After awk divides each row into columns by delimiter, the values of columns 1, 2, and 3 can be obtained through $1, $2, and $3 ($0 represents the content of the entire row)
cat 1.gtf | awk ' { print $1, $2, $3 } ' | head
The default delimiter for cut is "\t"
cat 1.gtf | cut -f 1,2,3 | head
Eg. For example, I only need columns 1, 3, 4, and 5 of the GTF file, which are chr, feature, start, and end.
cut -f 1,3,4,5 1.gtf | head
step2.2 Filter specific rows
Suppose we want to extract the row whose third column is gene, and only display the information in columns 1, 3, and 9.
awk separates each line into columns according to the default line separator, and prints out columns 1, 3, and 9 for the line whose third column is equal to "gene"
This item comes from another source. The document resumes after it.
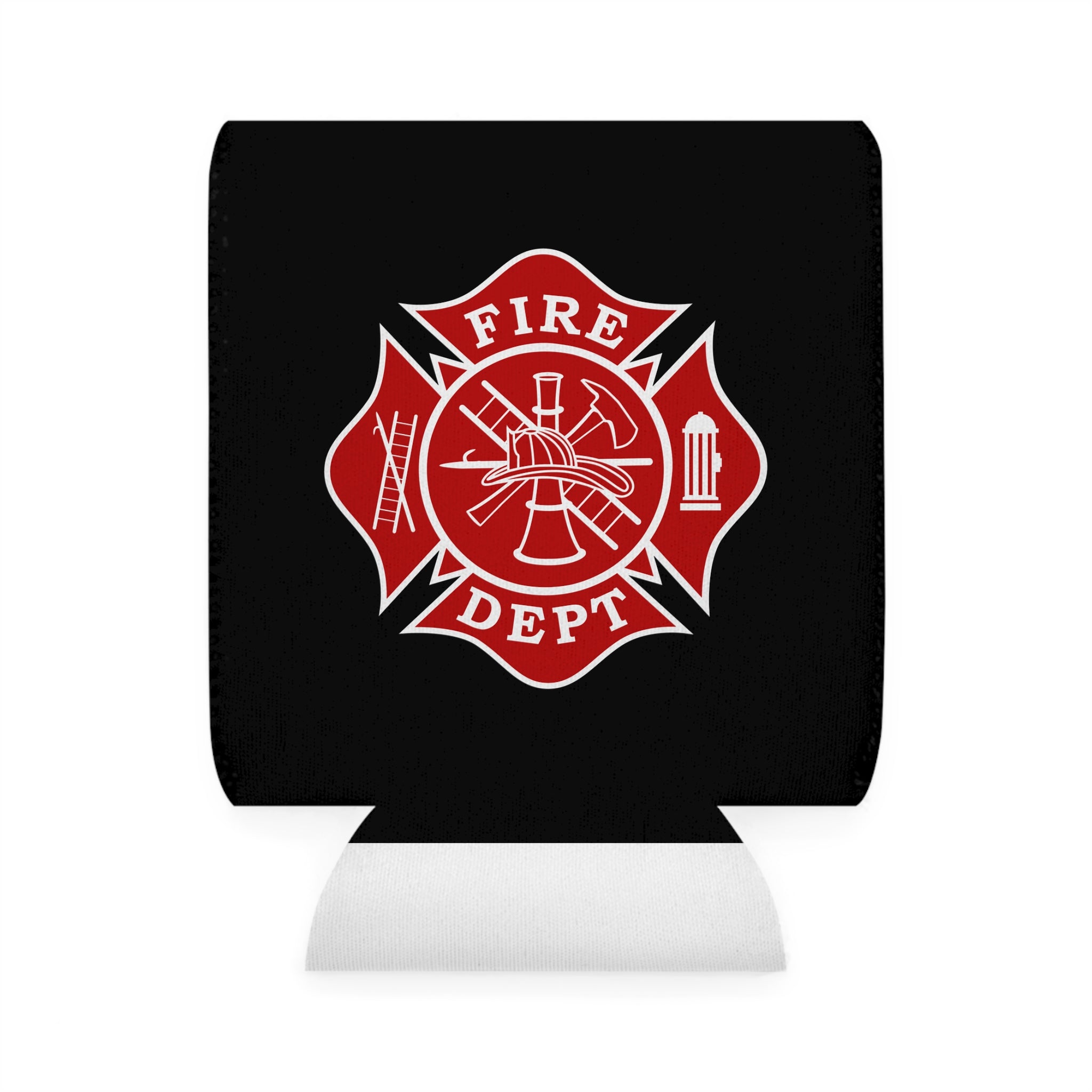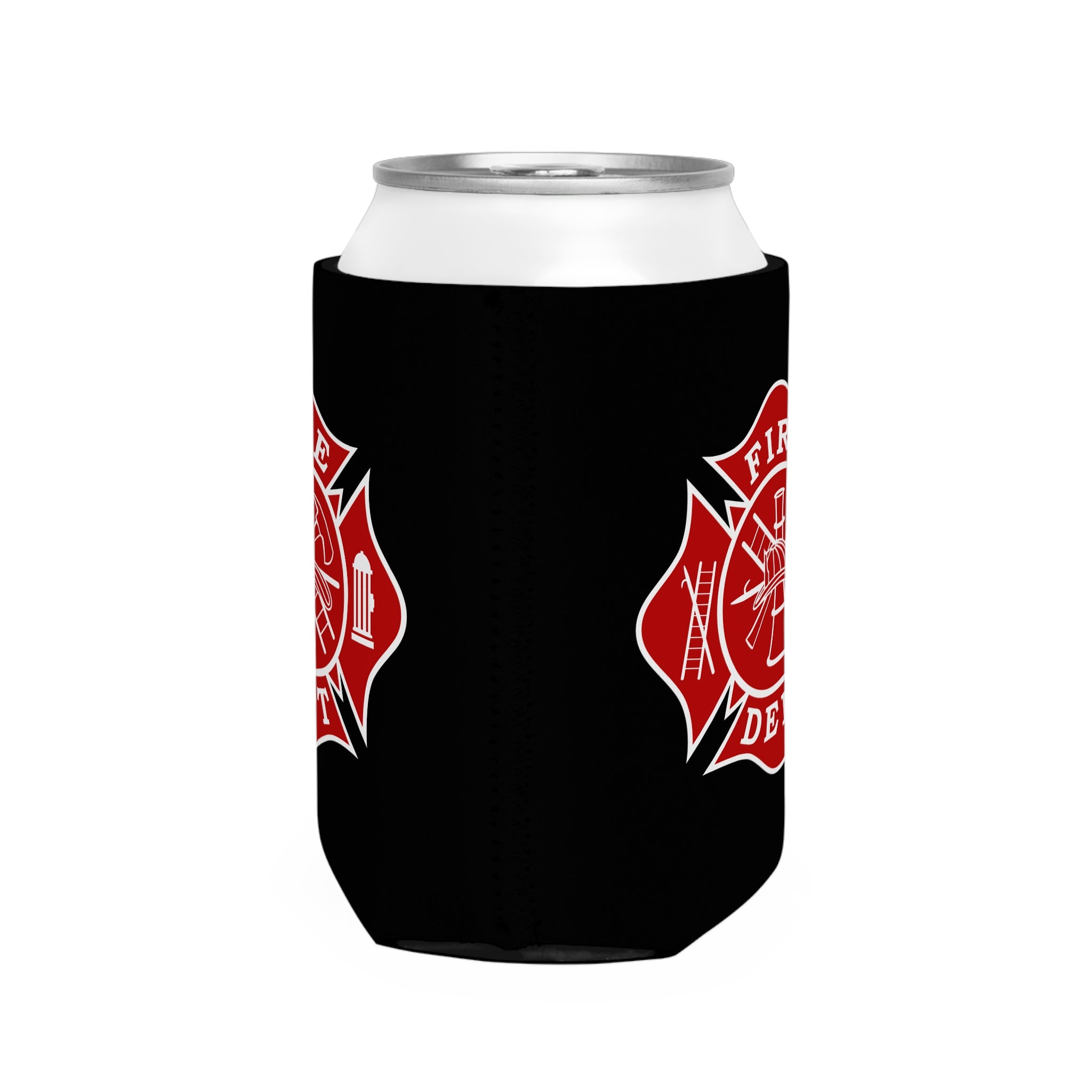 Firefighter Maltese Cross Can Cooler Sleeve, Black Insulated Beverage Holder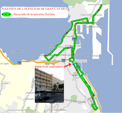 Día largo y muy ajetreado. Mi despertador sonaba a las 4:30 de la madrugada, un desayuno y rumbo a Bilbao, allí hemos dejado el coche y nos hemos dirigido al aeropuerto. Después de dejar las maletas hemos visto que el avión llevaba retraso, así que hemos llegado a Madrid justos de tiempo para hacer el embarque a Las Palmas de Gran Canaria. Al llegar nos hemos dirigido a las cintas en busca del equipaje, pero por desgracia el equipaje no había llegado. Nos han dicho que seguramente vendría en el próximo avión, pero no nos aseguraban nada, así que al llegar al hotel he salido en busca de ropa para correr y unas medias. Más vale que he sido precavido y llevaba las zapatillas puestas en el viaje.

cat 1.gtf | awk '$3 == "gene" { print $1, $3, $9 } ' | head
step3. Extract and calculate specific features
step3.1 Extract and count featrue types
grep -v '^#' 1.gtf |awk '{print $3}'| sort | uniq -c
#Extract and count how many types of features there are
step3.2 Calculate the feature length of a specific feature
The value in the 5th column minus the value in the 4th column + 1, that is, the length of the feature feature
The coordinates of the gff/gtf file start from 1, and the range is a closed interval (the coordinates of the bed file we will encounter later start from 0, and the range is left closed and right open)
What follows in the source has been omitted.